Copy that into a file $SOMEWHERE/frysk-core-dump. Then do a chmod +x $SOMEWHERE/frysk-core-dump and a chown root:root $SOMEWHERE/frysk-core-dump. Now, tell the kernel that core dumps should be handed to this script:

# echo "|$SOMEWHERE/frysk-core-dump %p %t %u %g %s %h" > /proc/sys/kernel/core_pattern

Finally, increase RLIMIT_CORE to actually enable core dumps. ulimit -c unlimited is a good idea. This will enable them only for your shell and everything it spawns. In /etc/security/limits.conf you can enable them for all users. I haven't found out yet how to enable them globally in Fedora though, i.e. for every single process that is started after boot including system daemons.

You can test this with running sleep 4711 and then dumping core with C-\. The stacktrace should appear right-away in /var/log/messages.

This script will automatically try to install the debugging symbols for the crashing application via yum. In some cases it hence might take a while until the backtrace appears in syslog.

Don't forget to install Frysk before trying this script!

You can't believe how useful this script is. Something crashed and the backtrace is already waiting for you! It's a bugfixer's wet dream.

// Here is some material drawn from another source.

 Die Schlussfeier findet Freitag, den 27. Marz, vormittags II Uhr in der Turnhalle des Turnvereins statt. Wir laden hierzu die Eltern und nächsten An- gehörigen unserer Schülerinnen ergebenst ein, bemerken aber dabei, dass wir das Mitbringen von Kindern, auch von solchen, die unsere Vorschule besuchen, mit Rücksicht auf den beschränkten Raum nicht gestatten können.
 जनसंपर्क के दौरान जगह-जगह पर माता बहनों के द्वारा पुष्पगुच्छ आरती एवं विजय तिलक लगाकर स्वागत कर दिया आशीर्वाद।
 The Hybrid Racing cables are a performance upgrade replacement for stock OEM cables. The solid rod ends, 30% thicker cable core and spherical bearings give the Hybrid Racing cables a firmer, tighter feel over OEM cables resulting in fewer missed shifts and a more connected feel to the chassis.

I am a bit surprised though that noone else came up with this before me. Or maybe I am just too dumb to use Google properly?

posted at: 23:05 | path: /projects | permanent link to this entry | 15 comments


Posted by Michael "Apport" Howell at Thu Oct 30 00:19:06 2008
Perhaps you can use Apport in Fedora? I'm not sure how hard that would be, but of course it's always good to share code ;).

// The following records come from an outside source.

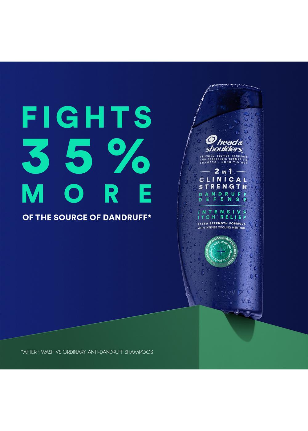 Introducing NEW Head & Shoulders Clinical Strength Dandruff Defense Intensive Itch Relief 2 in 1 Shampoo + Conditioner. Our formula provides prescription strength flake protection (vs prescription dandruff shampoo 2% ketoconazole) and provides soothing relief from itch associated with dandruff. Clinically proven to protect against flakes and dandruff, our shampoo is a great remedy for an itchy scalp. Clinical Strength Dandruff Defense + Intensive Itch Relief shampoo is infused with intense cooling menthol. Soothe your scalp and hair for a healthy, vibrant look you'll love.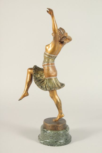 A BRONZE DANCER. Signed, on a circular marble base.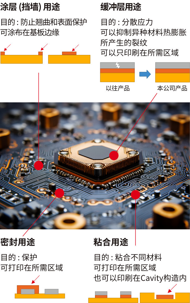 高粘度Inkjet噴墨方式可用于手機、顯示器、基板封裝等各種用途。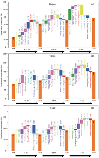 Figure 1 illustrates the decomposition results for the changes in the DHEB in the Jing-Jin-Ji urban agglomeration from 2004 to 2016. The total DHEB of the Jing-Jin-Ji urban agglomeration experienced significant growth of 120% from 2004 to 2016, and it reached 52.3%, 18.3% and 22.0% during 2004–2008, 2008–2012 and 2012–2016, respectively. An increasing trend was also found in each subregion in 2004–2016, with growth rates of 184%, 80% and 85% in Beijing, Tianjin and Hebei, respectively (Figure 2). These increases reflect rapid development of district energy systems during urbanization in the Jing-Jin-Ji urban agglomeration in the past decade.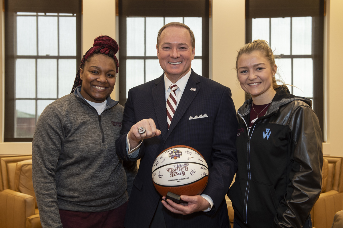 Former MSU women’s basketball stars Roshunda Johnson, left, and Blair Schaefer, right present MSU President Mark E. Keenum with a 2018 National Finalist ring in February to commemorate the Bulldogs’ historic 2017-18 season. Led by four seniors in the starting lineup, including Johnson and Schaefer, MSU completed a perfect 30-0 regular season and claimed the university’s first SEC championship in a women’s team sport. In the NCAA Tournament, the Bulldogs won the Kansas City Regional and advanced to the national championship game for the second consecutive year.
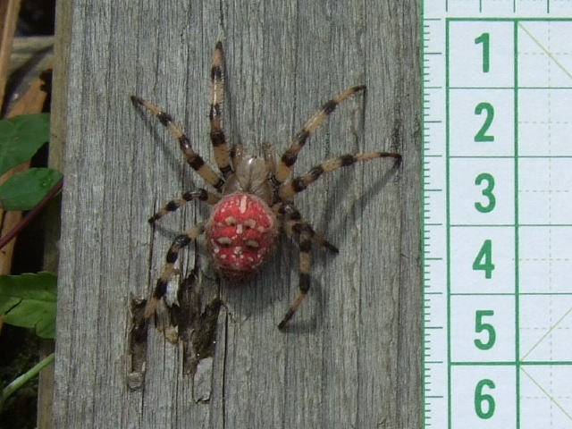 このクモは「アカオニグモ」といい、北海道や本州以南の高地に生息しているそうです。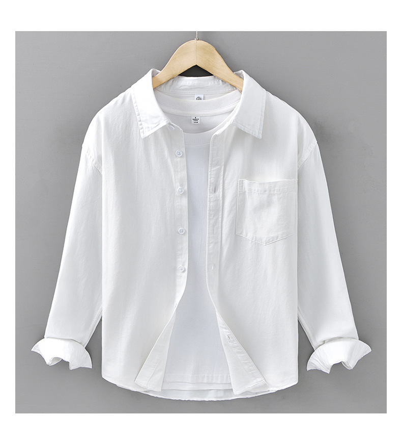 8708 기본 남성 순면 긴팔 셔츠 화이트 예술적 남성 봄 다목적 청소년 심플 캐주얼 셔츠스토어 가기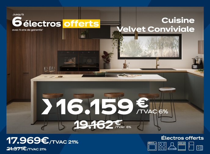 Recevez jusqu'à 6 électros offerts avec 5 ans de garantie à l'achat de votre cuisine équipée.(1)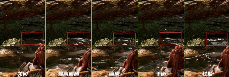 FSR可能是因为版本的问题,在《地平线:西之绝境》中的表现不尽人意。即便是画质选项,也能非常明显看出差异,其水面噪点及失真十分明显。

Posted by Lennart at Thu Oct 30 00:23:17 2008
Michael: There was actually some discussion about that:

http://fedoraproject.org/wiki/Features/Apport

I am happy with Apport. But apparently some people in Fedora prefer Socorro. I don't.

Posted by James at Thu Oct 30 04:11:38 2008
Dear Lennart,
Why do you feel it necessary to have a NIH approach to every problem you try to solve?

Just use apport.

Love,
someone-who-is-a-bit-cranky-but-loves-your-work

Posted by Colin Walters at Thu Oct 30 04:27:36 2008
Because the source code for the Apport server isn't (as far as I know) public, and even if it was it'd probably be highly tied in with Launchpad which itself isn't free (yet).

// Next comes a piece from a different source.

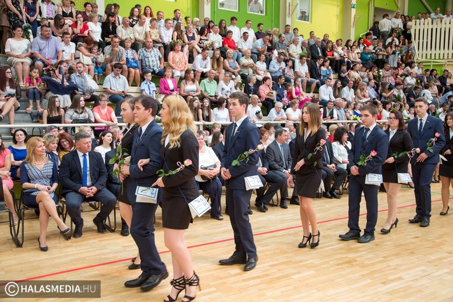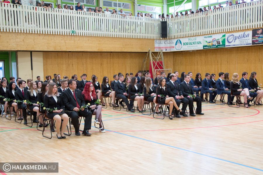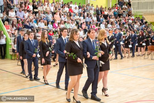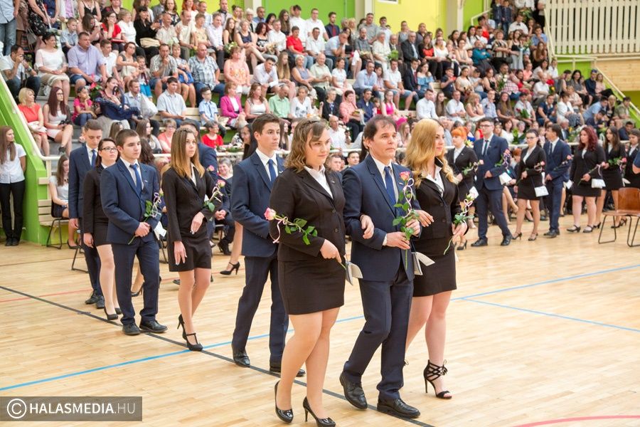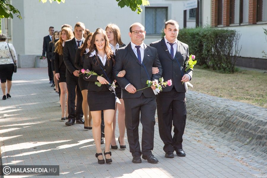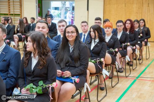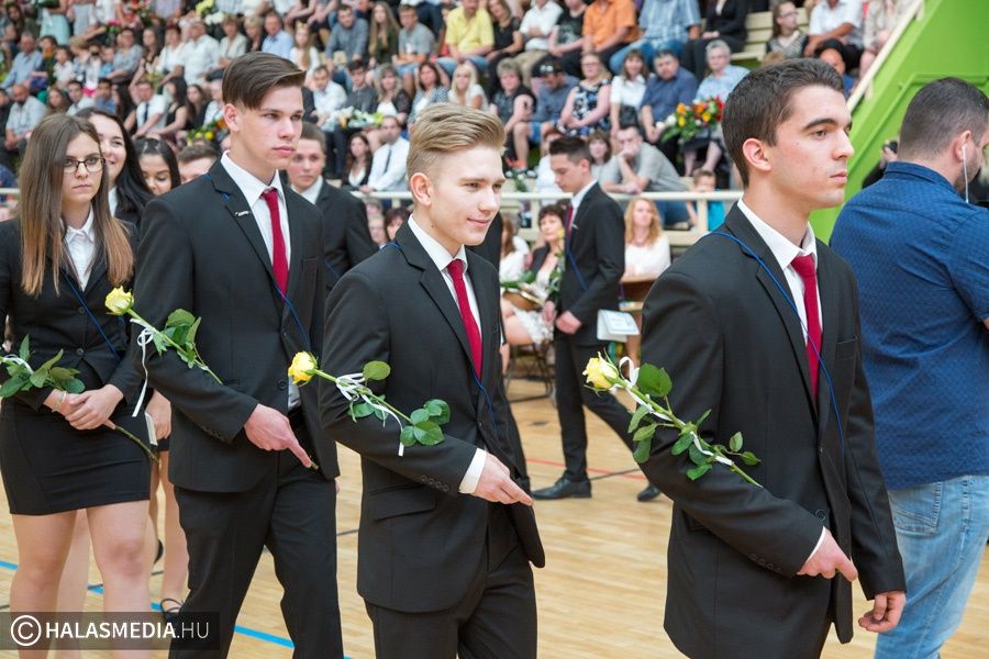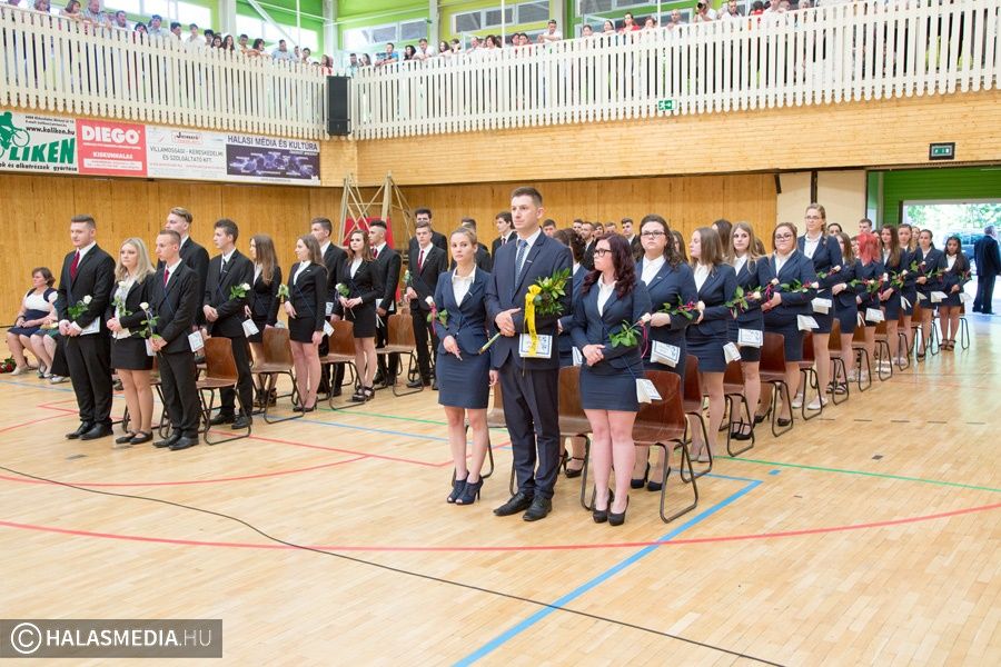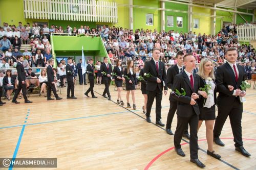 Teljesen megtelt szülőkkel, hozzátartozókkal, barátokkal, ismerősökkel a Dékáni-sportcsarnok. A középiskolák ballagásának sorát a Kiskunhalasi Szakképzési Centrum Dékáni Árpád Szakgimnáziuma és Szakközépiskolája zárta. Először az öt búcsúzó közösség érkezett az ünnepség helyszínére osztályfőnökeik vezetésével, majd az iskolazászlót hozták be a csarnokba. Malák Vivien a maradó diákok nevében, egy Márai-idézettel, Károly Renáta pedig egy köszöntővel búcsúzott el a ballagóktól. A végzősök gondolatait Kőszegi Viktória tolmácsolta.

Posted by Lennart at Thu Oct 30 04:49:32 2008
James: I already made clear that I'd be happy with adopting Apport. You are barking up the wrong tree, my friend!

Posted by Martin Pitt at Thu Oct 30 11:33:52 2008
Huh? Apport is fully GPL, as it says in it's license, and it is written with portability in mind, too. See https://wiki.ubuntu.com/Apport for some intro.

Will Woods started to port it to Fedora a while ago (https://code.launchpad.net/~wwoods/apport/fedora) which primarily meant to implement an RPM version of the abstract packaging backend. There is even a Fedora spec about it:
https://fedoraproject.org/wiki/Features/Apport

Also, there is lots of activity in the OpenSUSE branch: https://code.launchpad.net/~apport-opensuse/apport/opensuse

Posted by Martin Pitt at Thu Oct 30 11:54:57 2008
Just some further explanations about this mystical "apport server": There are really two parts:

- A place to store the crash reports, which is just a bug tracker; apport has an abstract class CrashDB for this, with a Launchpad implementation, and the beginnings of a Bugzilla one. So yes, the storage of those bugs/crash reports for Ubuntu actually uses Launchpad, but they are not more or less free than any other bug report.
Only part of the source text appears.